This narrative arrives now at one of the big gaps that stared me in the face when I began. For six years, while I finished at Harvard Law and built commercial aeroplanes, Ailie Calhoun was scarcely more than a name on a Christmas card; something that blew a little in my mind on warm nights when I remembered the magnolia flowers. Occasionally an acquaintance of Army days would ask me, “What became of that blond girl who was so popular?” but I didn’t know. I ran into Nancy Lamar at the Montmartre in New York one evening and learned that Ailie had become engaged to a man in Cincinnati, had gone North to visit his family and then broken it off. She was lovely as ever and there was always an admirer or two. But neither Bill Knowles nor Earl Schoen had ever come back.

And somewhere about that time I heard that Bill Knowles had married a girl he met on a boat.

Oddly enough, a girl seen at twilight in a small Indiana station started me thinking about going South. The girl, in a pink dress, threw her arms about a man who got off our train and hurried him to a waiting car, and I felt a sort of pang. It seemed to me that she was bearing him off into the lost midsummer world of my early twenties, where time had stood still and charming girls still walked slowly along the dusky streets. I suppose that poetry is a Northern man’s dream of the South. But it was months later that I sent off a wire to Ailie, and immediately followed it to Tarleton.

It was July. The Jefferson Hotel seemed strangely shabby and stuffy. I recognized the taxi driver who took me up to Ailie’s house, but his “Sure, I do, lieutenant,” was unconvincing. I was only one of twenty thousand.

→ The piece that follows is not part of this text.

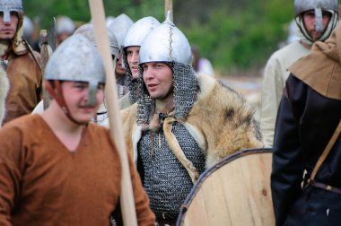Drohiczyn, Polonya, 8 Temmuz: Ortaçağ savaşçı Vikingler, Baltık ve Slav savaşçılar toplantı 8 Temmuz 2017 Drohiczyn, Polonya'da üzerinde kavga sırasında.

It was a curious three days. Ailie’s was still so physically appealing that you wanted to touch the charm that trembled on her lips. No – the change was more profound than that.

At once I saw she had a different line. The modulations of pride, the vocal hints that she knew the secrets of a brighter, finer ante-bellum day, were gone from her voice; there was no time for them now. We went to a party at the house of some young married people, and she was the nervous, glowing center of it. After all, she wasn’t eighteen, and she was as attractive in her rôle of reckless clown as she had ever been in her life.

“Have you heard anything from Earl Schoen?” I asked her the second night, on our way to the country-club dance.

“No.” She was serious for a moment. “I often think of him. He was the – ” She hesitated.

“Go on.”

“I was going to say the man I loved most, but that wouldn’t be true. I never exactly loved him, or I’d have married him anyhow, wouldn’t I?” She looked at me questioningly. “At least I wouldn’t have treated him like that.”

“It was impossible.”

“Of course,” she agreed uncertainly. Her mood changed; she became flippant: “How the Yankees did deceive us poor little Southern girls. Ah, me!”

When we reached the country club she melted like a chameleon into the – to me – unfamiliar crowd. There was a new generation upon the floor, with less dignity than the ones I had known, but none of them were more a part of its lazy, feverish essence than Ailie. Possibly she had realized that in her initial longing to escape from Tarleton’s provincialism she had been walking alone. Just where she lost the battle, waged behind the white pillars of her veranda, I don’t know.

I left her house, as I had so often left it that vanished June, in a mood of vague dissatisfaction. It was hours later, tossing about my bed in the hotel, that I realized what was the matter, what had always been the matter – I was deeply and incurably in love with her. In spite of every incompatibility, she was still, she would always be to me, the most attractive girl I had ever known. I told her so next afternoon. It was one of those hot days I knew so well, and Ailie sat beside me on a couch in the darkened library.

“Oh, no, I couldn’t marry you,” she said, almost frightened; “I don’t love you that way at all. I never did. And you don’t love me. I didn’t mean to tell you now, but next month I’m going to marry another man. We’re not even announcing it, because I’ve done that twice before.” Suddenly it occurred to her that I might be hurt: “Andy, you just had a silly idea, didn’t you? You know I couldn’t ever marry a Northern man.”

“Who is he?” I demanded.

“A man from Savannah.”

“Are you in love with him?”

“Of course I am.” We both smiled. “Of course I am! What are you trying to make me say?”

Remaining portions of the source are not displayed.